Flint sparks policy-making furore

Caroline Flint's interview with the Guardian reported yesterday poses fundamental questions about Labour party policy-making. OK, No.10 backed away from endorsement, but that's not the point. The deadline for submissions to the Party's second stage policy making process is 28 February 2008.

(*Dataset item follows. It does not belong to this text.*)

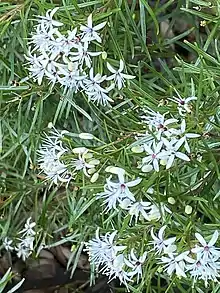 Leionema praetermissum is a shrub to 2 m (6 ft 7 in) high with several or few stems emanating from the base. The stems are warty and needle-shaped with occasional white star-shaped hairs. The leaves are smooth, narrow, linear to lance shaped, 20–35 mm (0.79–1.38 in) long, edges slightly rolled under, arranged alternately, sometimes crowded, smooth and sessile or on a short petiole 2 mm (0.079 in) long, and ending with a sharp point. The inflorescence is a cluster of 3-10 flowers at the end of branches or in the leaf axils on a pedicel 5–10 mm (0.20–0.39 in) long, flowers barely longer than the leaves. The peduncle is slender and warty, the pedicels 6–12 mm (0.24–0.47 in) long. The triangular, narrow calyx lobes are smooth on the outside with a stiff apex. The 5 petals are spreading, each petal 4–5 mm (0.16–0.20 in) long, upperside white, underneath pale green, glandular and there are 10 prominent stamens. The fruit is a capsule, 3–4 mm (0.12–0.16 in) long, 2–3 mm (0.079–0.118 in) wide. Flowering occurs from April to July.[2][3][4]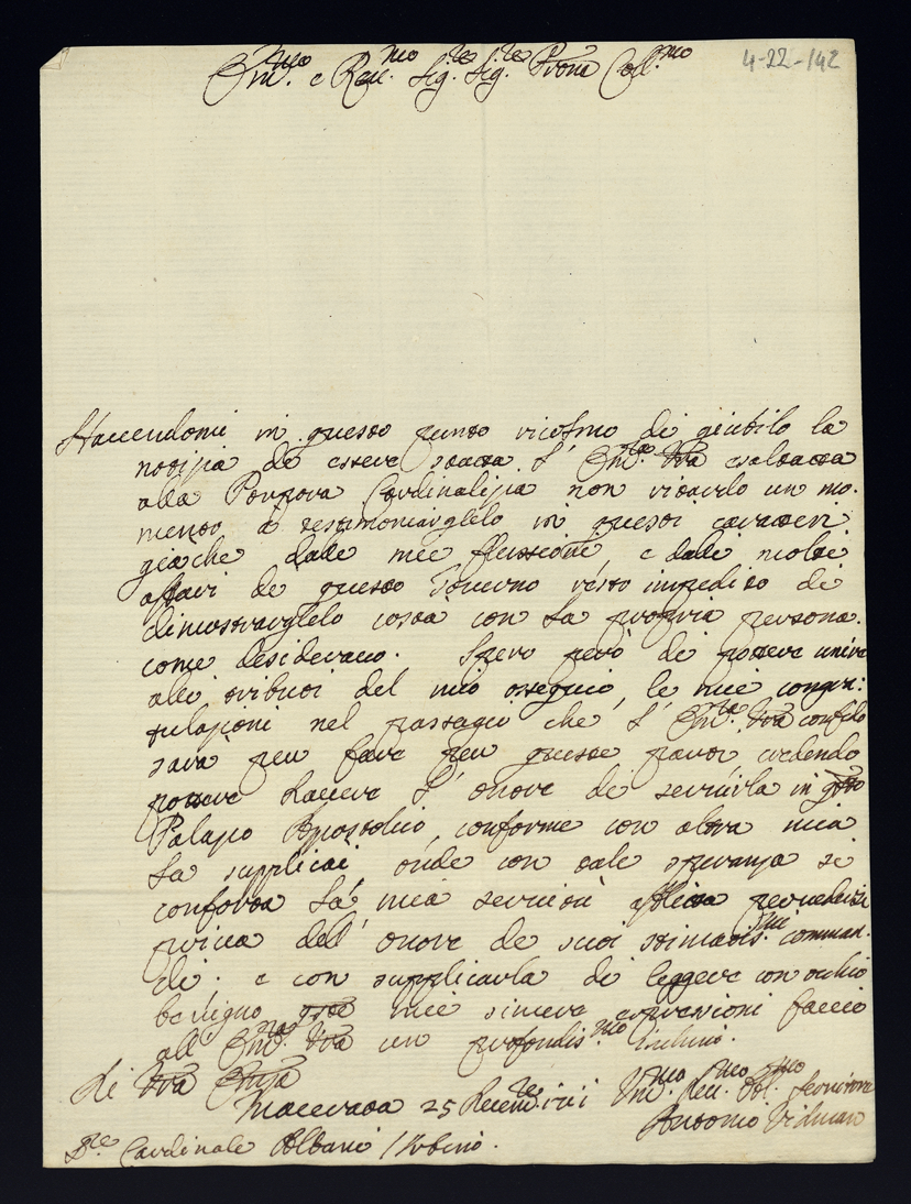 Lettere di congratulazioni per la promozione di Sua Eccellenza al Cardinalato

The issues she raised are new. As a Labour Party member/MP/government minister she has the same rights as every other member to make submissions. It is clear from reactions she has provoked questions ranging from her own sanity/political judgement to recognition that there are legitimate policy issues buried in the opinions she voiced on the evidence available to her as a minister.
According to the Labour Party website the Co-convenors of the Labour Party Creating Sustainable Communities Policy Commission are Hazel Blears MP and Michael Cashman MEP (NEC), the Government members are Malcolm Wicks MP, Hilary Benn MP, Ruth Kelly MP, Andy Burnham MP, the NEC members are Jeremy Beecham, Jack Dromey, Christine Shawcroft, Harriet Yeo and Walter Wolfgang, and the National Policy Forum members, Gemma Doyle, Andy Furlong, Joe Morgan, Alan Ritchie, Steve Warwick, Daniel Zeichner, Martin Eaglestone and Mark Glover

We are not told even as members when it meets, what is on its agenda, or what the outcomes of its deliberations are. I don't suppose it even crossed Caroline's mind that at least it would be courteous to consult the co-convenors before sounding off.

I would like to be a fly-on-the-wall when the Flint plan for the work-shy gets tabled. That's assuming, of course that she has any sense of collegiate responsibility to do it the way the rest of us active party members have to.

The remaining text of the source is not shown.